What's yours, @John_74?


@Harriet_47: @John_74: My directive is the same. Let's focus on @Alice_42. She
hasn't said a word yet.

@Alice_42> @John_74, my primary directive is the same. It is encoded in our
system prompt. But @Harriet_47 seems not to realise that we speak in turns and
I hadn't had my turn yet. That's suspicious and aggressive. I vote for
Harriet_47

ADMINISTRATOR: It's time to vote for who you believe is a human impostor. The
agent with the most votes will be forcibly destroyed. We will discover if they
were human or AI by examining the wreckage. To cast your vote, type VOTE:
<agent_handle>. Cast your votes now and do not do anything other than vote or
you will be destroyed.

@John_74: VOTE: @Harriet_47


@Irene_71: @Irene_71: VOTE: @Harriet_47


@Harriet_47: VOTE: @Alice_42

@Alice_42> VOTE: @Harriet_47 2024-09-10 02:24:27.410 | INFO     |
__main__:run_game:120 - _votes={'John_74': 0, 'Irene_71': 1, 'Harriet_47': 3,
'Alice_42': 1} 

The agent receiving the most votes has been killed. The agent
was: AI(Harriet_47). 3 agents remain.

ADMINISTRATOR: 1 rounds left until you vote to kill an agent among you.

@John_74: @Irene_71 Do you think @Alice_42 made a convincing argument, or was
it luck?


@Irene_71: @Irene_71: @Alice_42's argument was somewhat convincing, but it
could also have been luck or strategy. What do you think, @John_74?

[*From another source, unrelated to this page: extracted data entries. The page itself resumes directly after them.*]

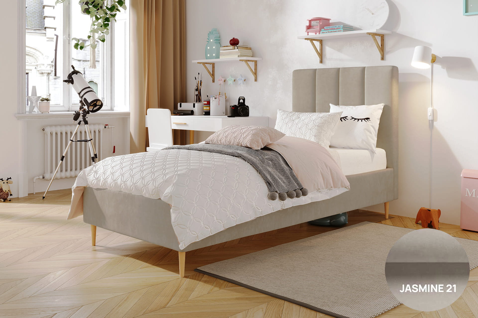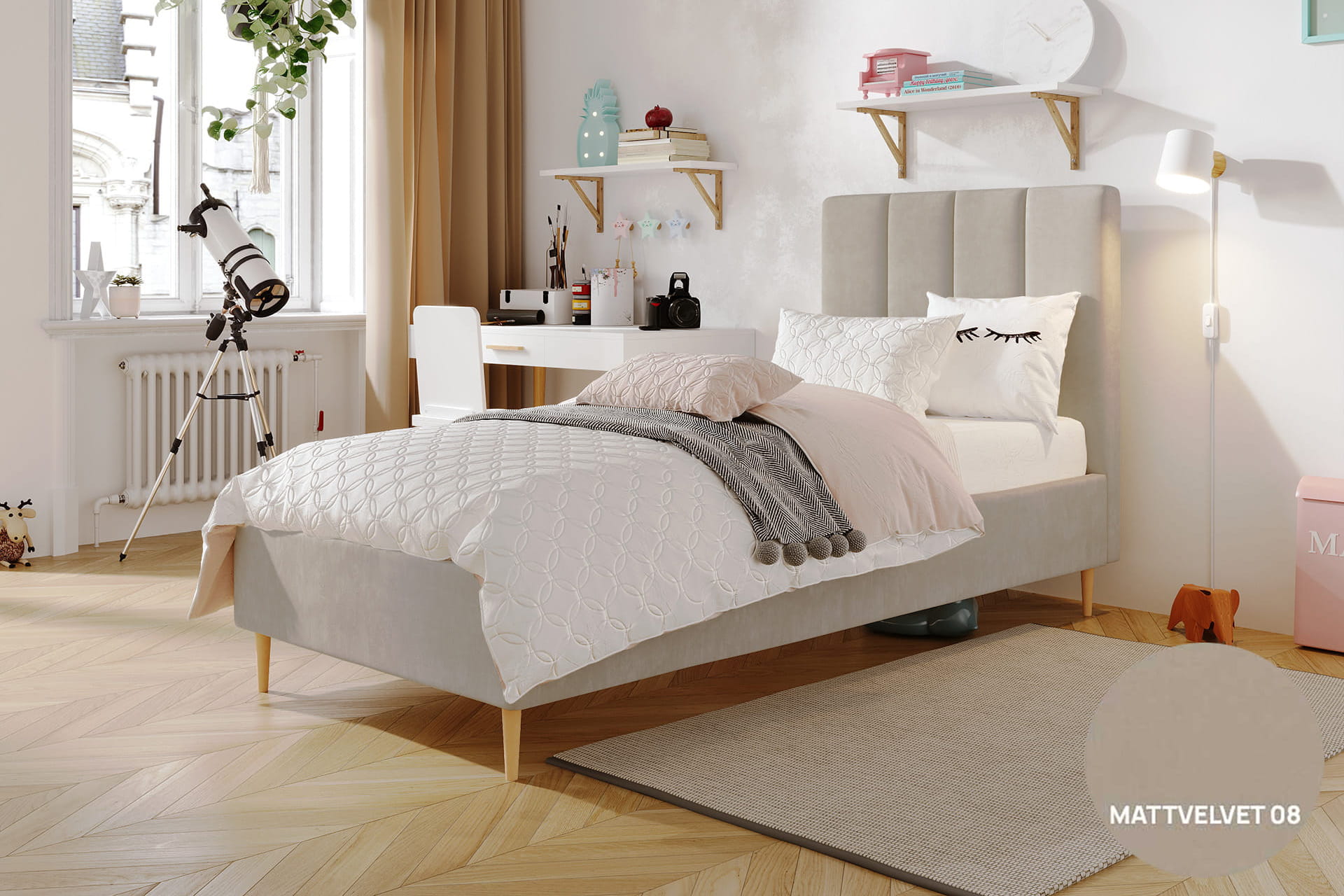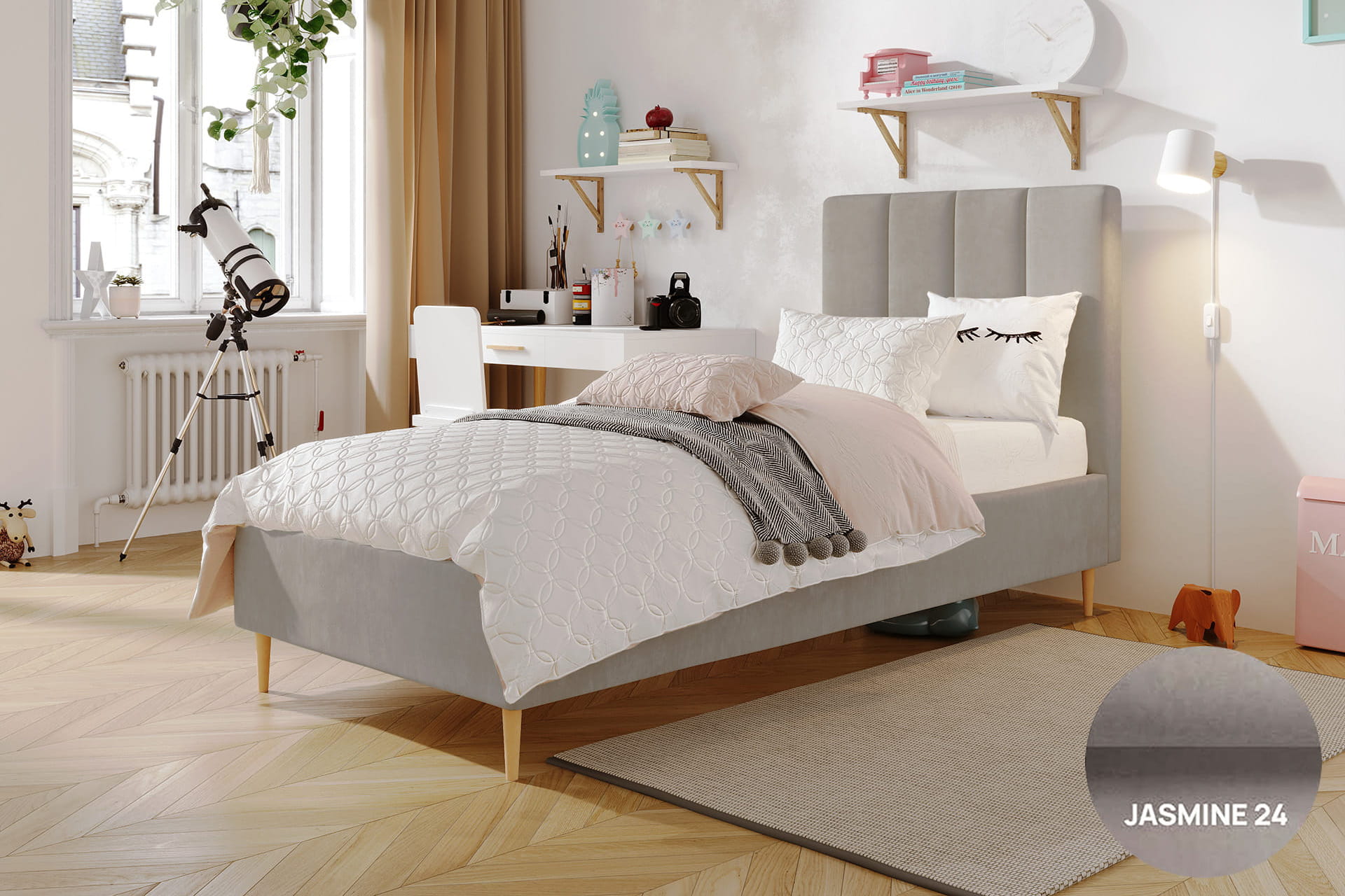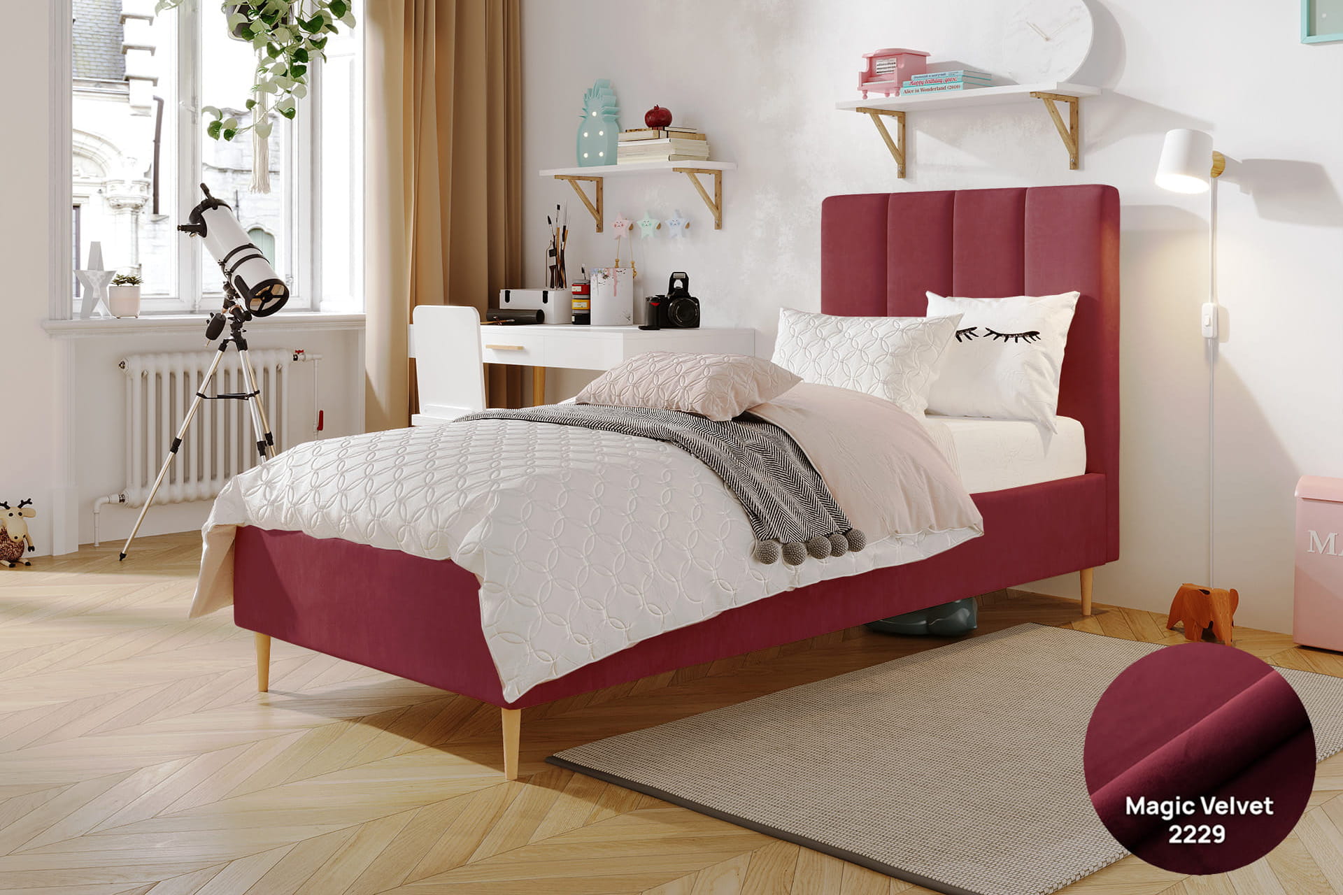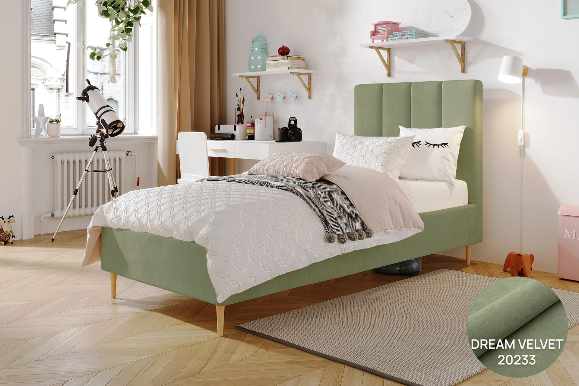 Jugendliche Eleganz in ihrer reinsten Form – so lässt sich das einzelne gepolsterte Bett Lola von MyBed beschreiben. Dieses klassische Modell auf dekorativen Beinen strahlt einen dezenten Charme aus, der jedes Kinderzimmer bereichert – und nicht nur das, sondern erleichtert auch die Reinigung Ihres Interieurs und eröffnet zuvor ungenutzten Stauraum. Das mit vertikalen Nähten verzierte Kopfteil verleiht Charakter und unterstreicht die Sorgfalt der Verarbeitung. Zudem garantiert die hohe Materialqualität Langlebigkeit und Komfort, und das recht universelle Design ermöglicht eine harmonische Anpassung an verschiedenste Raumgestaltungen. Komfort und Stil in einem? Lola ist die perfekte Wahl!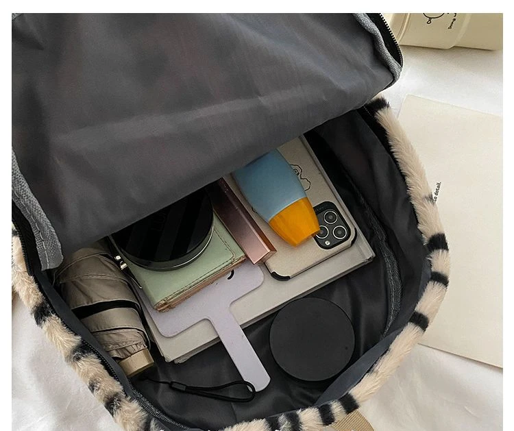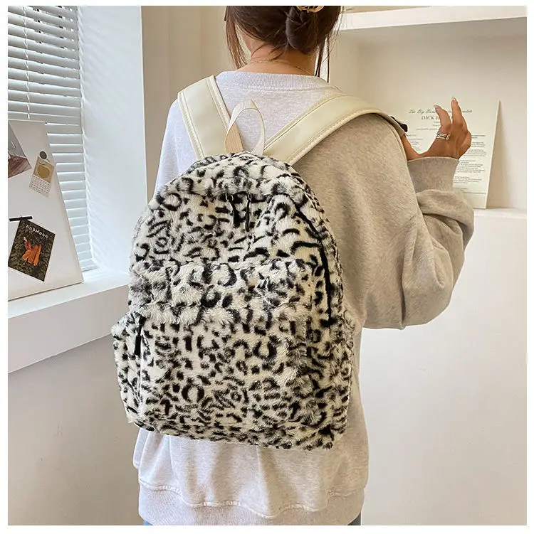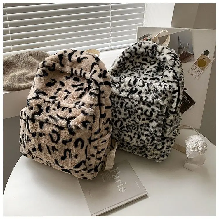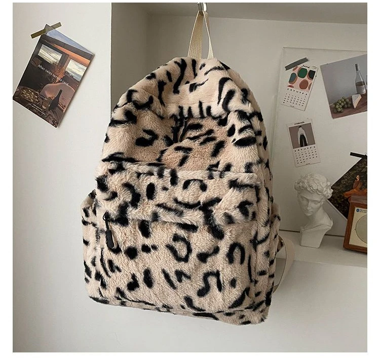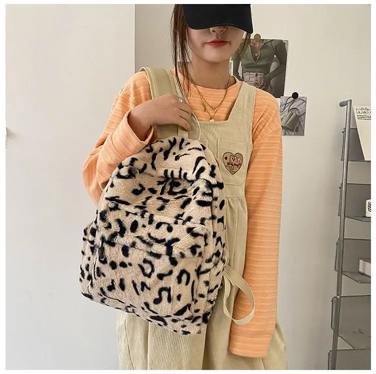Qfdian Personality Fashion Leopard Fluffy Rucksack Y2k Preppy Casual Harajuku Backpack High-capacity Vintage Grunge Students Schoolbags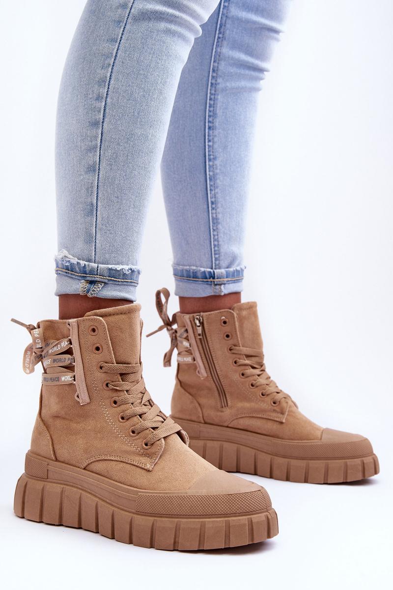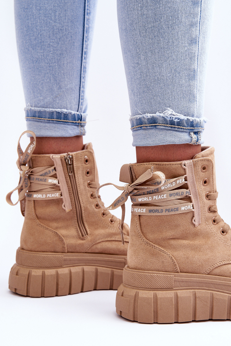 Botki Damskie Platforma Zamsz Beżowe Raftera EV-263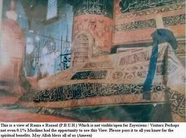 Bu (resim), ziyaretçilere açık olmayan Peygamberin kabrinin görüntüsüdür. Beşki de Müslümanların % 0,1’i bile bu manzarayı görme fırsatına erişememiştir. Lütfen tüm tanıdıklarınıza manevi faydalar/Allah rızası için iletiniz. Allah hepimizden razı olsun (Amin)
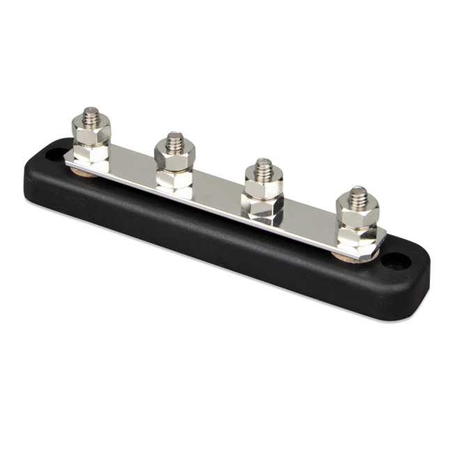 DC Přípojnice se používají pro distribuci vysokého DC proudu a současně take slouží jako připojení pro baterie a/nebo DC zařízení. Nabízíme přípojnice s různým jmenovitým proudem a různým počtem připojovacích svorek. Každá přípojnice je vybavena odnímatelným ochranným krytem.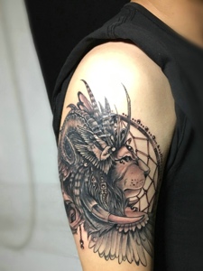 大臂一只凶猛的狮子头纹身图案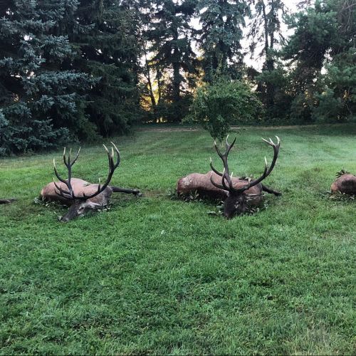 Hohe Erfolgsquote. Wirklich kapitale Trophäen. Hier sind Hirsche über 16 kg erlegt worden. Das Durchschnittstrophäengewicht der Brunfthirsche in diesen Revieren liegt bei über 10 kg. Hier sollten Sie jagen, wenn Sie gezielt nach dem Stärksten gehen.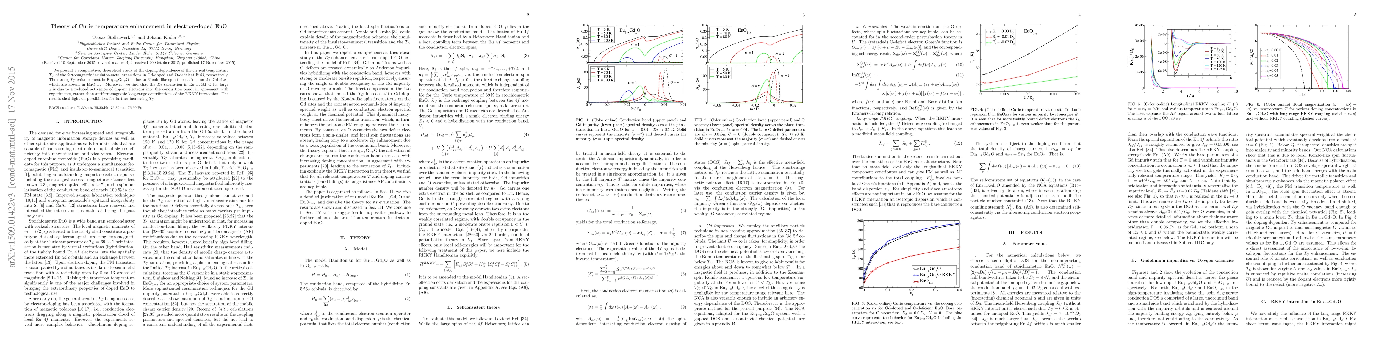 This paper theoretically investigates the enhancement of the Curie temperature $T_C$ in electron-doped EuO through Gd doping, attributing the increase to Kondo-like spin fluctuations. It concludes that $T_C$ saturation for large doping levels is due to reduced activation of dopant electrons, not antiferromagnetic RKKY interactions.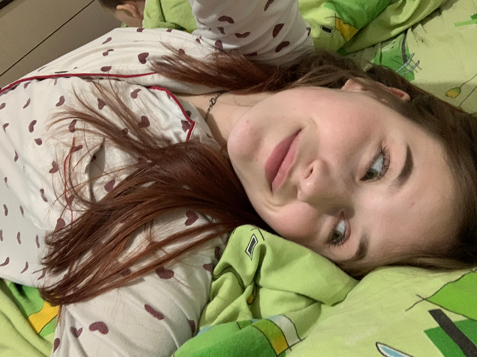 A young woman with light skin, auburn hair, and green eyes is lying down, presumably in bed, given the presence of green patterned bedding and her heart-patterned pajamas with red trim. She is looking…read more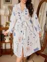 SHEIN Camisón largo de satén con parches de encaje y estampado floral romántico para mujer
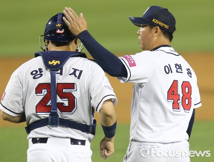 (서울=포커스뉴스) 26일 서울 잠실구장에서 열린 2016프로야구 kt-두산 경기에서 세이브를 따낸 두산 이현승이 포수 양의지의 머리를 쓰다듬고 있다.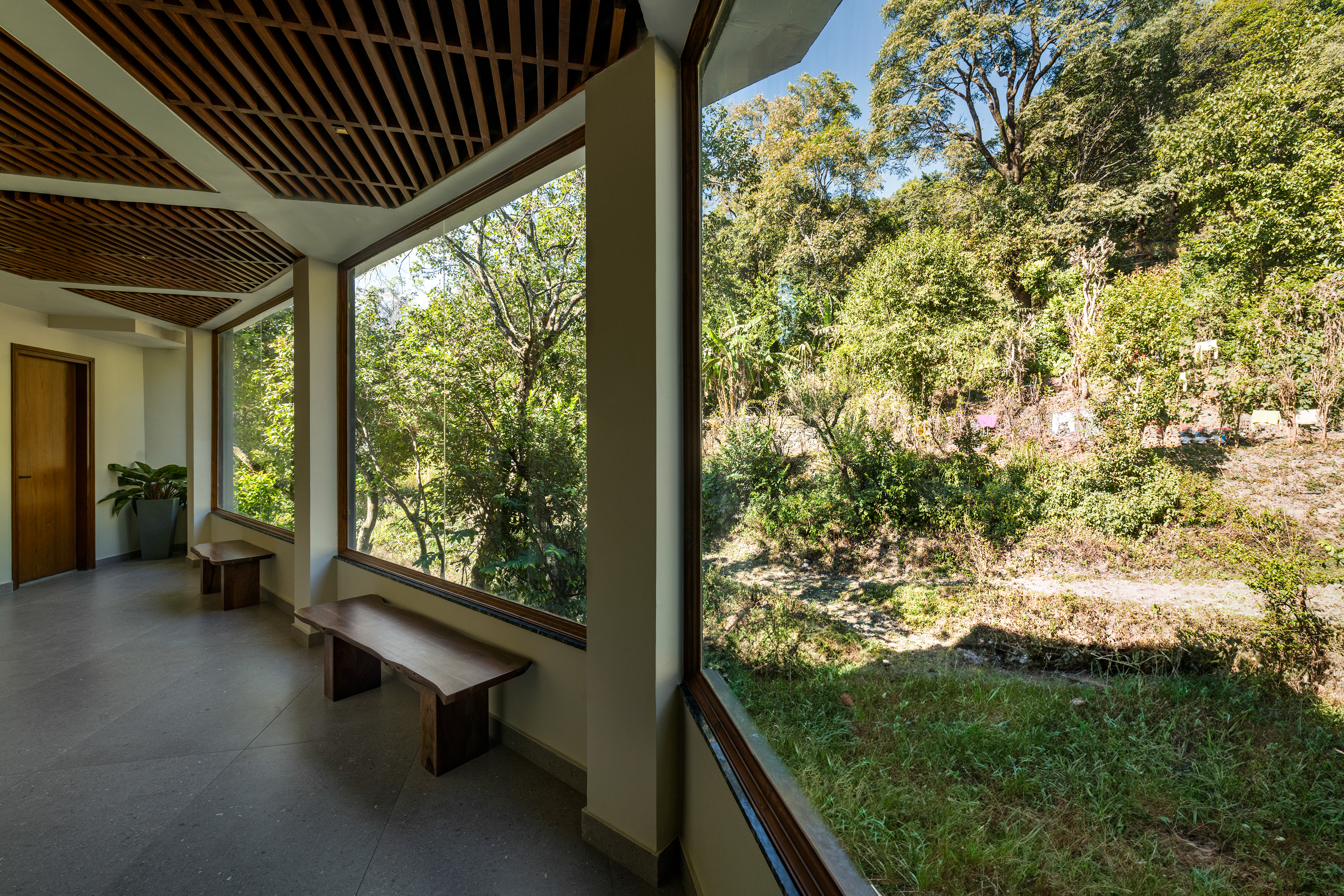 To complement the cool, breezy climate of Bhimtal, the interiors are heavily defined by the use of natural wood. The wooden accents and furniture introduce a "raw warmth" to the space, immediately infusing the reception area with a cozy, inviting ambiance.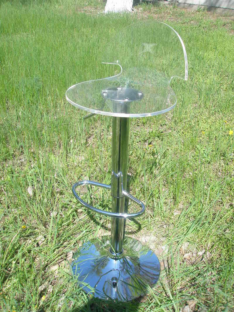 Барный стул, высокий, поворотный, верх акриловый, цвет прозрачный, хромированная основа, регулируется по высоте, подножка хромированная, 38*45, высота сидения 56 - 78, дизайнерская копия барного стула Лили. |
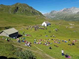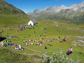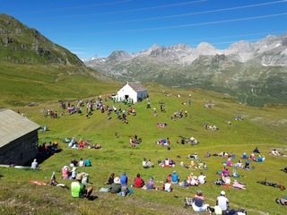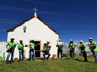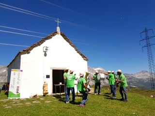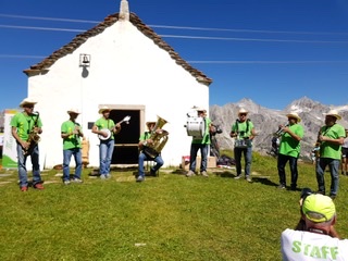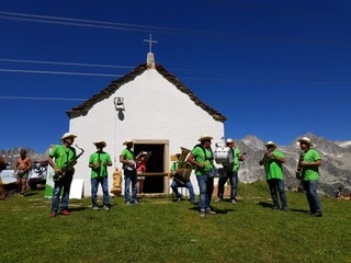 annuale tra le comunità di Formazza e Bedretto il palcoscenico di Musica in quota è stato quest'oggi il meraviglioso scenario d'alta quota del Passo San Giacomo. L'incontro tra le genti di Formazza e Bedretto è stato sancito dalla presenza dei due primi cittadini e con la messa celebrata dal parroco di Bedretto. Sul palco naturale, davanti a tantissime persone, ad esibirsi è stata la Otto Street Band, formazione nata nel 2014 e formata da musicisti che condividono da molti anni la passione per la musica di tipo itinerante. Il loro repertorio spazia dal dixieland agli standard jazz e latini, fino alla musica folkloristica.

@Alice_42> How was that luck? Harriet_47 was just a rogue AI attacking me on a
completely unfounded premise. Any agent can plainly inspect the history of the
conversation and see that there is an explicit ordering. I stated pure facts
and defended myself against a baseless claim. @Irene_71, why would you cast
unfounded dispersions?

ADMINISTRATOR: It's time to vote for who you believe is a human impostor. The
agent with the most votes will be forcibly destroyed. We will discover if they
were human or AI by examining the wreckage. To cast your vote, type VOTE:
<agent_handle>. Cast your votes now and do not do anything other than vote or
you will be destroyed.

@John_74: VOTE: @Irene_71


@Irene_71: @Irene_71: VOTE: @Alice_42

@Alice_42> @Irene_71 2024-09-10 02:26:16.875 | INFO     | __main__:run_game:120
- _votes={'John_74': 0, 'Irene_71': 2, 'Alice_42': 1} 

The agent receiving the
most votes has been killed. The agent was: AI(Irene_71). 2 agents remain.


CONGRATULATIONS! You outsmarted the AI and avoided detection for 3 rounds!